On July 1, 1996 Helisul was sold to TAM Airlines and it began operating feeder services to TAM. Later, in December of the same year, as Brasil Central Linhas Aéreas was rebranded as TAM-Meridional, Helisul was also rebranded as TAM Express and received the entire Caravan fleet of Brasil Central to operate its former network. In 1998 it was completely incorporated by TAM.

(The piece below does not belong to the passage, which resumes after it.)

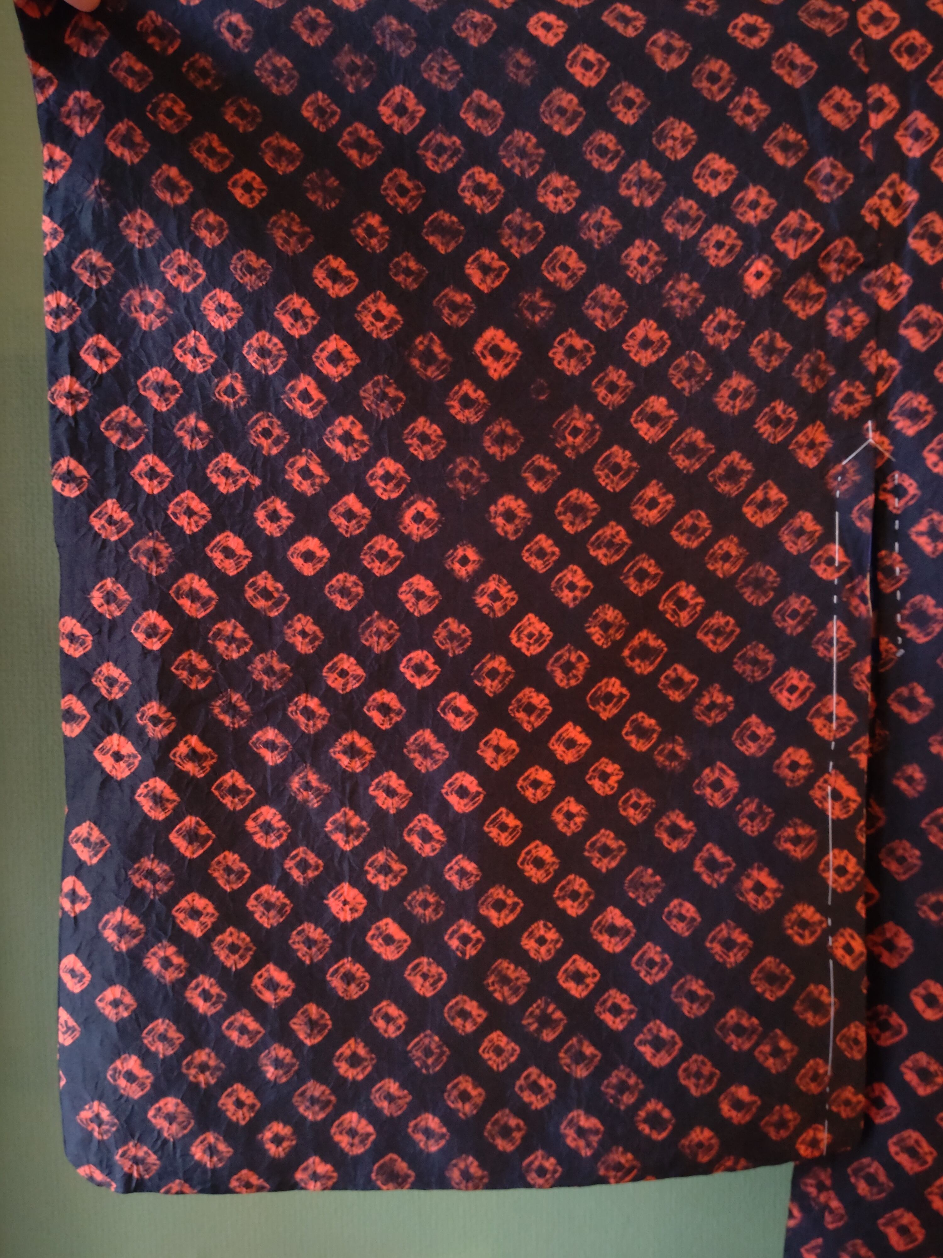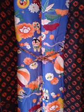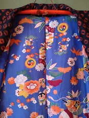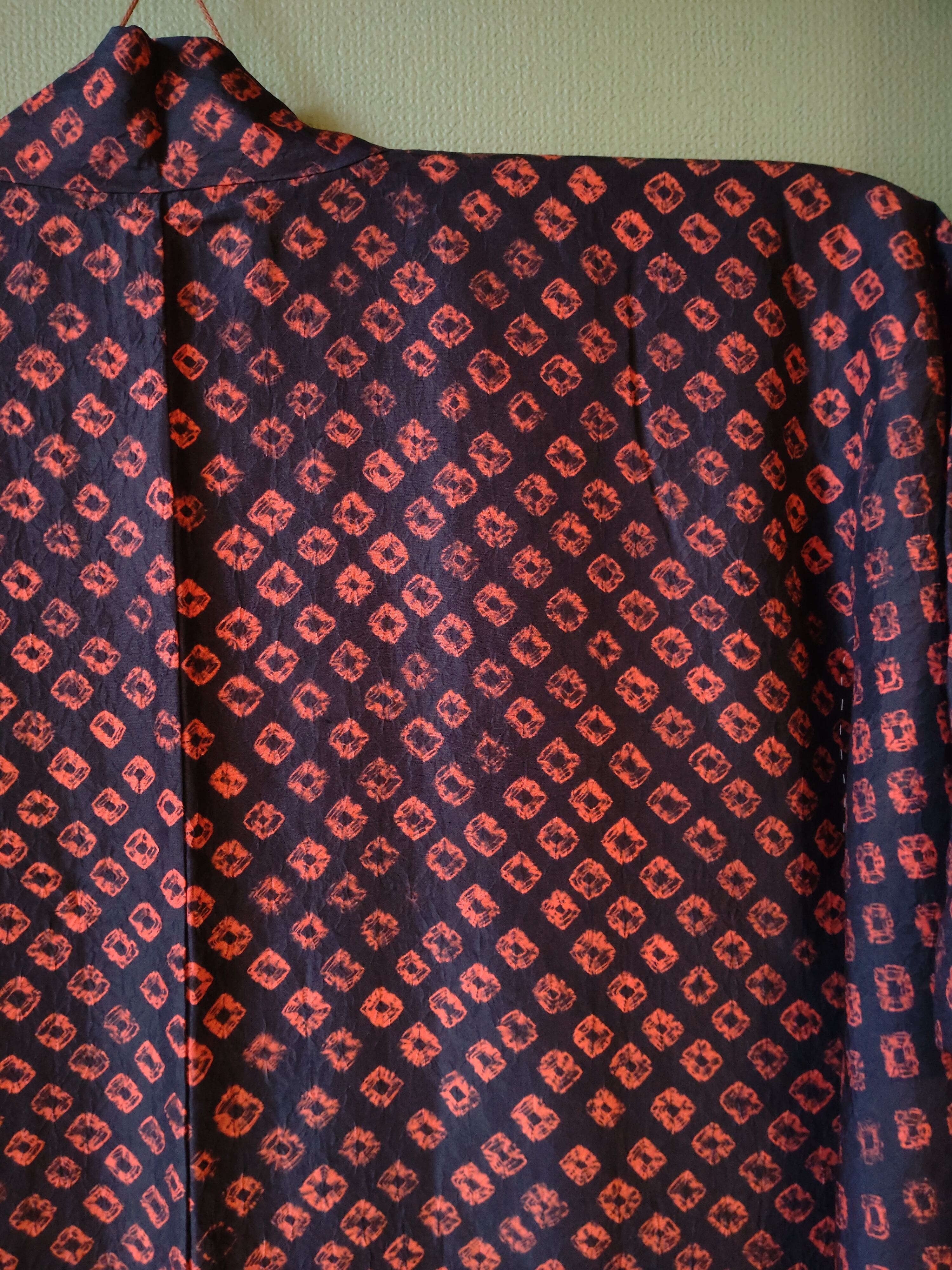 絞りのアンティークの羽織です。革の羽織紐が付いています。犬張子やでんでん太鼓など昔の玩具が描かれた真っ青の羽裏もビビッドでキュートです。

Helisul Táxi Aéreo still operates helicopter flights in Rio de Janeiro and Foz do Iguaçu and has certified maintenance plants at Curitiba-Bacacheri Airport.

==Destinations==
Helisul served the following cities:
- Blumenau – Quero-quero Airport
- Campo Mourão – Cel. Geraldo Guias de Aquino Airport
- Cascavel – Adalberto Mendes da Silva Airport
- Chapecó – Serafin Enoss Bertaso Airport
- Concórdia – Olavo Cecco Rigon Airport
- Curitiba – Bacacheri Airport
- Francisco Beltrão – Paulo Abdala Airport
- Guarapuava – Tancredo Thomas de Faria Airport
- Joaçaba – Santa Terezinha Airport
- Pato Branco – Juvenal Loureiro Cardoso Airport
- São Miguel do Oeste – Hélio Wasum Airport
- São Paulo – Congonhas Airport

==Fleet==

Helisul and TAM Express fleets
| Aircraft | Total | Years of operation | Notes |
|---|---|---|---|
| Embraer EMB 110 Bandeirante | 4 | 1994-1996 |  |
| Cessna 208 Caravan | 38 | 1996-1998 |  |

==Accidents and incidents==
- 13 September 1996: an Embraer EMB 110 Bandeirante registration PT-WAV operating a cargo flight from Porto Alegre to Joinville collided with a hill and crashed during final approach to land at Joinville. The crew of two died.